Apel do Użytkowników.
: pn wrz 20, 2010 9:33 am
Przyznaję się bez bicia, że w większości przypadków/sytuacji przyjmuję postawę "olewczą", ale jeżeli coś powtarza się notorycznie to idzie "Kuku-Na-Muniu" dostać. Zapraszam do lektury, która dla jednych będzie miłą odmianą, dla drugich opisem ich własnego JA, a dla reszty czymś niezrozumiałym. Dla ułatwienia, podzielę tekst na trzy partie: Wstęp, rozwinięcie (oraz podpunkty) i zakończenie.
1.Wstęp
Jak wiadomo wszystkim tutaj zebranym - rodzina to podstawa. To forum zostało założone wieki temu, przez ludzi dobrej woli, którzy zapragnęli pomóc ludziom i szczurkom. Powstało bardzo wiele nowych przyjaźni, pomocnych wątków. Dzięki nowym użytkownikom i starym "wyjadaczom" wytworzyła się specyficzna więź działająca na zasadzie: Ja dam Ci ziarno pomocy, a Ty przekaż je potrzebującemu. Każdy mógł tutaj znaleźć "ciepły kąt" dla siebie i swoich podopiecznych, czasami wydawało mi się wręcz, że siedzę w mięciutkim pluszowym fotelu przed rozpalonym ogniem w kominku i rodziną, która mnie wspiera, daje mi siłę oraz ciepło. Pamiętam jak się bardzo cieszyłam gdy w końcu ktoś przyjął mnie z otwartymi ramionami, dał mądry kawał chleba oraz pomocną szklankę mleka na popitkę. Jakże piękny był ten obraz dopóki... no właśnie...
2. Rozwinięcie
Pewnego dnia, przeczytałam pierwszą kłótnię na tym forum. Rzecz jasna, spór ten dzielił się na dwie strony czarną i białą. Zdziwiłam się wtedy niezmiernie, ale oczywiście olałam wzdłuż i wszerz. Jakiś czas później znalazłam kolejny podobny wątek. Z upływem godzin i dni coraz więcej niesnasek pojawiało się na monitorze, coraz więcej zgryźliwości. Nagle zniknęłam na osiem miesięcy, nie wiedziałam co się tutaj dzieje, a bardzo pragnęłam powrócić. Udało się! Szczęśliwa i w motylkach zawitałam do rodzinnego łona, ale... już nie było ono takie same. Co trzeci temat wyjawia brak kultury, złośliwość i zbytnią pewność siebie. Pozwólcie moi mili, że teraz przedstawię Wam (z mojego punktu widzenia) sytuację panującą na tymże szczurzym forum, a według mnie ta czynność jest bardzo ważna, zwłaszcza, że co poniektórzy nie wiedzą co czynią.
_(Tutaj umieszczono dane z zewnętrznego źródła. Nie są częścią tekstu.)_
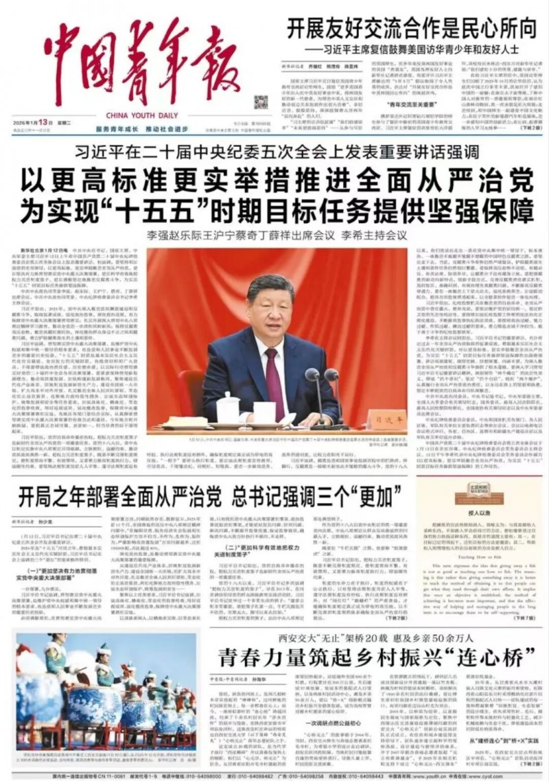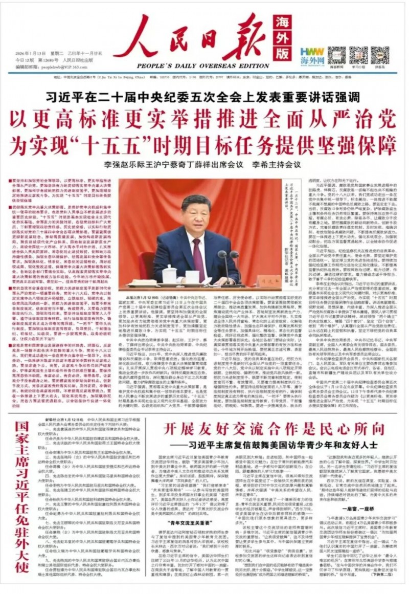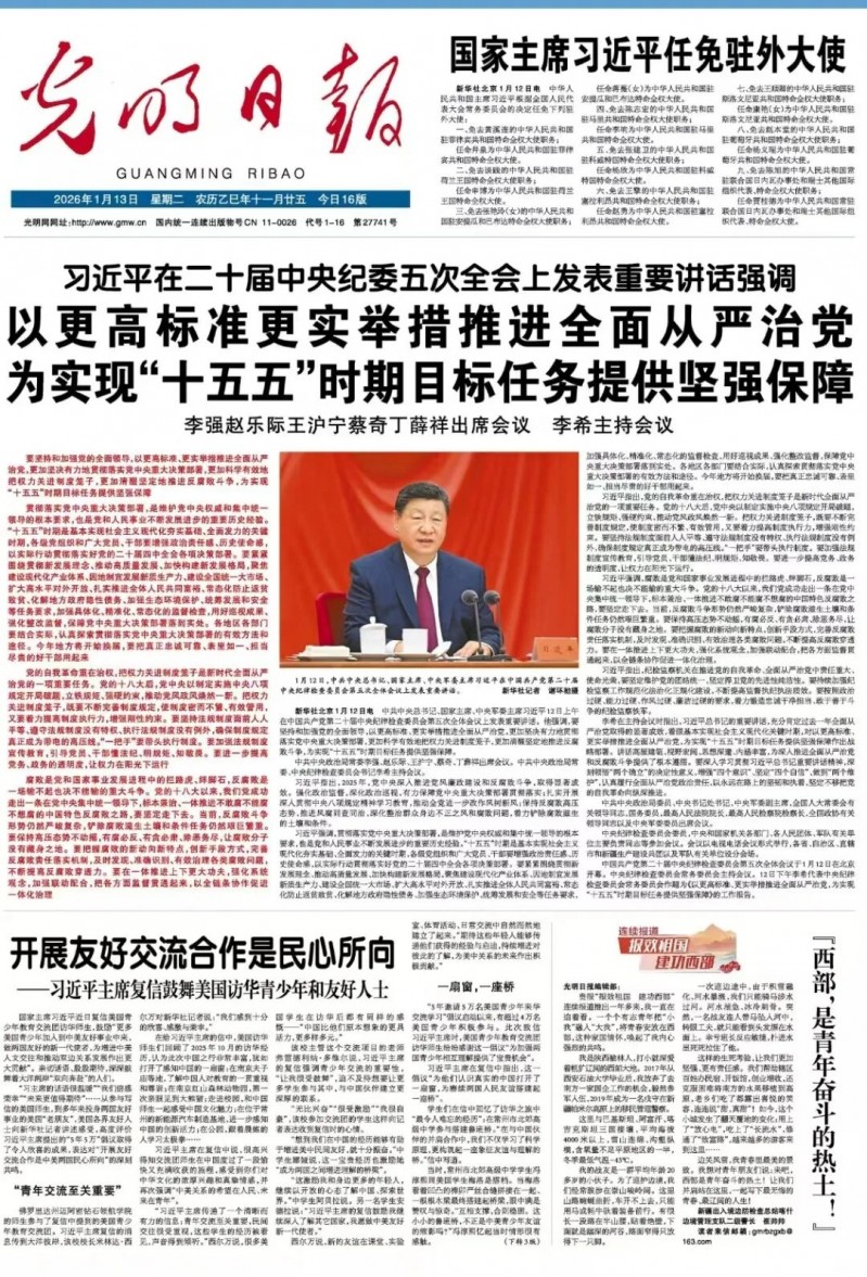 1月13日,人民日报海外版、光明日报、中国青年报等头版转载新华社通讯,以下为报道原文。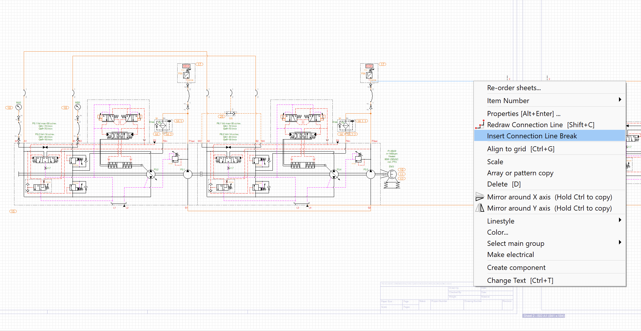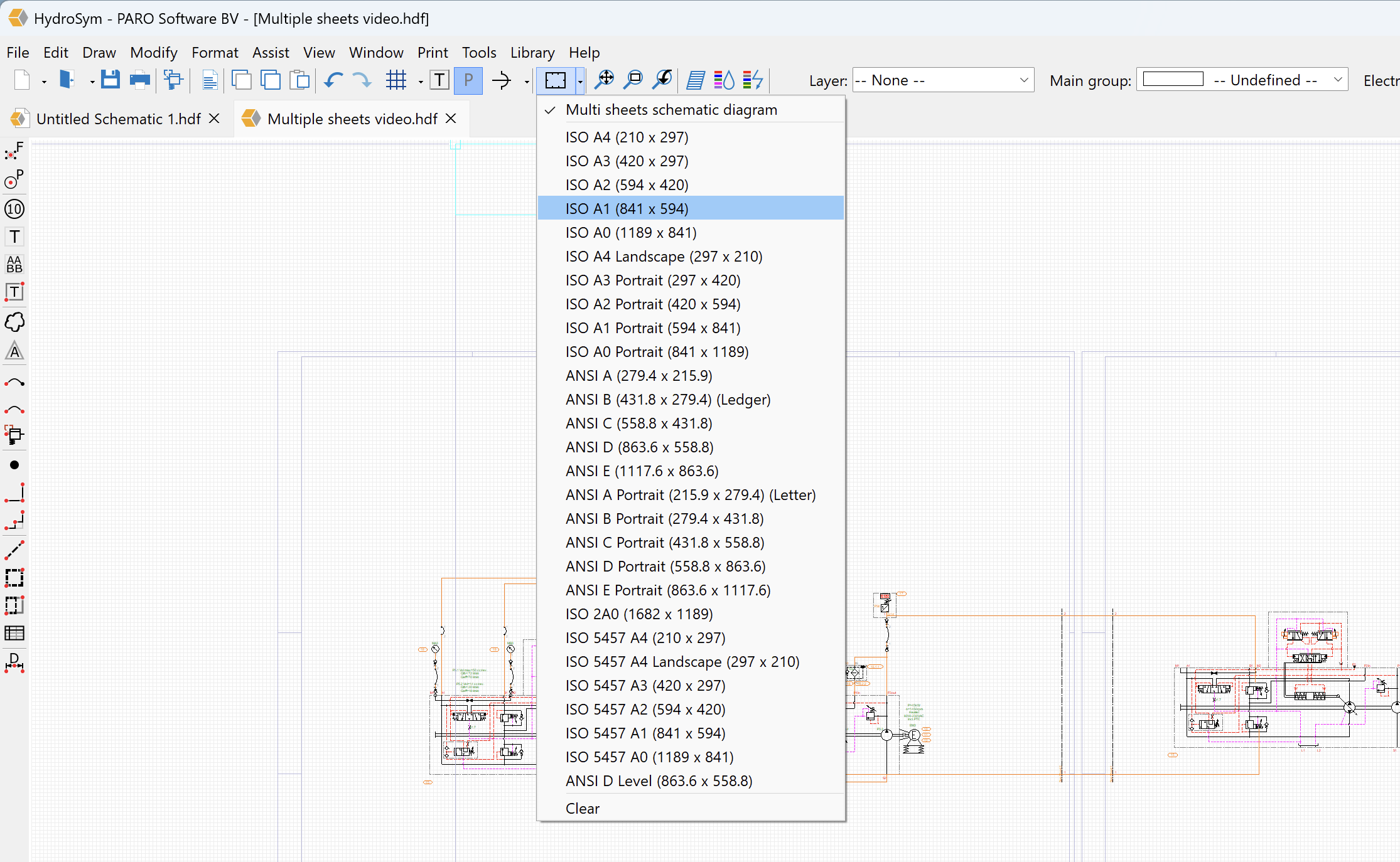 In HydroSym, you can work in a free drawing space or within a predefined paper size. To utilize multiple sheets within a single project, you must select a predefined paper size (e.g., ISO A1) within your drawing area.

DO "STARYCH" UŻYTKOWNIKÓW:
Kultura osobista:
Uważam, że powinna być nieodzownym elementem przewodzącym naszej osobowości i zachowaniu w życiu codziennym. "Ładnym" językiem może posługiwać się każdy, ale nie wszyscy potrafią połączyć piękną wymowę z sensem wypowiedzi i miłym "brzmieniem". Chamstwem można jedynie wypłoszyć osobę poszukującą zrozumienia i pociechy, a w ten sbosób wyminąć się z celem jaki obraliśmy przybywając do tej społeczności. Delikatne wyjaśnienie lub rada "kumpla" jest o niebo lepsza wobec potrzebującego aniżeli narzucanie w własnego toku myślenia oraz postawa "małofajna".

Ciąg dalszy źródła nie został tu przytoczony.